Ravyne, I usually don't have a set schedule for feeding my mystery snails. I usually just throw in something like a veggie or two a few times a week. Some people even like putting them in a separate tank to feed them, to minimize the food waste polluting the water of the main tank.


----------



## colorxmexravyne (May 8, 2012)

TheCrabbyTabby said:


> CJ, I would supplement a veggie, like blanched carrots or cucumber, or an algae wafer every once in a while, if you feel that its current source of food is not enough. If the snail doesn't eat it completely within a set amount of time, remove it and let them feed on whatever is in the tank for a while.
> 
> Ravyne, I usually don't have a set schedule for feeding my mystery snails. I usually just throw in something like a veggie or two a few times a week. Some people even like putting them in a separate tank to feed them, to minimize the food waste polluting the water of the main tank.

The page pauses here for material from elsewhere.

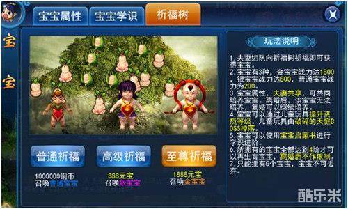 玩家在找到另一半,享受婚姻的甜蜜后,下一步当然是生儿育女,体验为人父母之乐了。《刀剑无双》此次测试将开通子女系统。玩家结婚后,并且达到一定等级(55),并且夫妻组队后,可以在宝宝页面中,购买祈福结,向祈福树祈福,获得宝宝。此后,玩家可以给宝宝取名、改名,也可以通过做任务提升宝宝资质和学识。享受养成的乐趣。

Okay. I just feel like mine NEVER eats. And there's not really that much in my tank. At least, I don't _see_ any algae or anything. I've been offering him spinach and algae wafers for the past two days, but he won't eat it. I guess I'll keep trying? Thanks.


----------



## cjconcepcion (Jun 7, 2012)

do all the leaves and such count as food for him though?


----------



## iElBeau (Feb 20, 2012)

I'm having the same problem with my mystery snails  I don't know what to feed them! I haven't tried algae wafers yet, but put a cucumber in today, and I don't think they've eaten it at all... 

PS. Do veggies affect the pH or the nutrients in the tank at all? And I read somewhere that they should be in between 8 and 12 hours tops... does this sound about right?

Thanks!


----------